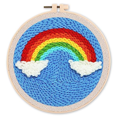 Figured'Art Punch Needle Kit Complet pour Adultes et Enfants - Arc en Ciel et Nuages - Parfait pour Débutant. Set prêt à broder taille 20x20cm avec cadre circulaire
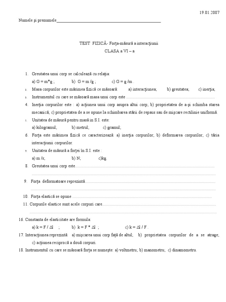Doc Test Initial Fizica Cls Vi Nina Stan Academia Edu
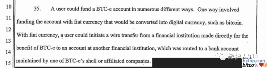 用户无法通过银行直接向BTC-e交易所账户注资,用户使用美元等法定货币注资的话,资金会被银行转到BTC-e开设的空壳公司账户,用户的BTC-e账户里会出现等值的比特币等虚拟货币。

What you need to do: The output should hold only the lines from the one containing "Doc Test Initial" through the last line of the listing, reproduced exactly, pictures omitted.

The completed task:
Doc Test Initial Fizica Cls Vi Nina Stan Academia Edu
 用户无法通过银行直接向BTC-e交易所账户注资,用户使用美元等法定货币注资的话,资金会被银行转到BTC-e开设的空壳公司账户,用户的BTC-e账户里会出现等值的比特币等虚拟货币。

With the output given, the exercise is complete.